Éric Mouzin avait assigné l'État, fustigeant à l'audience en juin un "amateurisme" dans l'enquête sur la disparition de sa fille, âgée de 9 ans quand elle avait disparu en 2003 alors qu'elle rentrait de l'école à Guermantes (Seine-et-Marne).
Au début de l'enquête, la piste Michel Fourniret est un temps suivie avant d'être abandonnée. Ce n'est qu'en 2020 que la juge Sabine Khéris réussit à faire reconnaître à ce tueur en série son rôle dans la mort de la fillette.
Dans sa décision, le tribunal a relevé la "cotation tardive et peu intelligible" dans cette enquête. Pendant neuf ans, le dossier n'était pas coté (système de classement des différentes pièces du dossier qui permet de les répertorier). Ce n'est qu'en 2012 que la partie civile a pu avoir un accès complet à la procédure.
Le tribunal estime également que "la succession de dix magistrats instructeurs, dont certains pour de très courtes périodes de quelques mois" a participé "à la difficulté d'appréhender un dossier d'instruction d'une telle ampleur".
Le corps pas retrouvé
Condamné à la perpétuité incompressible pour les meurtres de sept jeunes femmes ou adolescentes entre 1987 et 2001, Michel Fourniret est mort en 2021, sans avoir été jugé pour la disparition d'Estelle Mouzin, dont le corps n'a pas été retrouvé.

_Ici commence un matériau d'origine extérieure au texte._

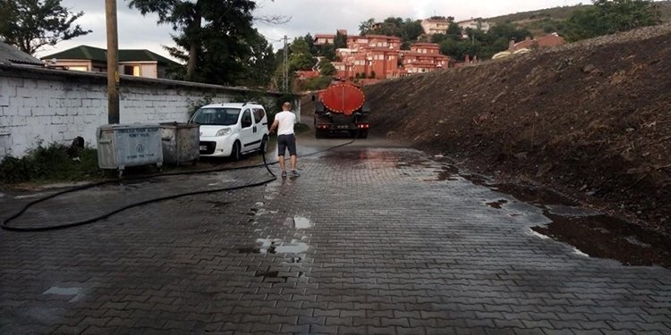 Köy muhtarı Bahattin Durkut’un yaptığı girişimler çerçevesinde Filyos ve Kilimli Belediyesi’nden gelen vidanjörlerle sahil yolunda yıkama çalışması devam ediyor. (Haber : ZONMEDYA)

L'instruction de deux décennies a mené à la condamnation en décembre 2023 de Monique Olivier à la réclusion criminelle à perpétuité, assortie d'une période de sûreté de 20 ans, pour sa complicité dans trois enlèvements et meurtres commis par son ex-mari Michel Fourniret, dont celui d'Estelle Mouzin.
Le tribunal a en revanche débouté Éric Mouzin de sa demande d'indemnisation fondée sur un préjudice matériel.
Il demandait 150.000 euros au titre des préjudices matériel et financier et 200.000 euros pour le préjudice moral.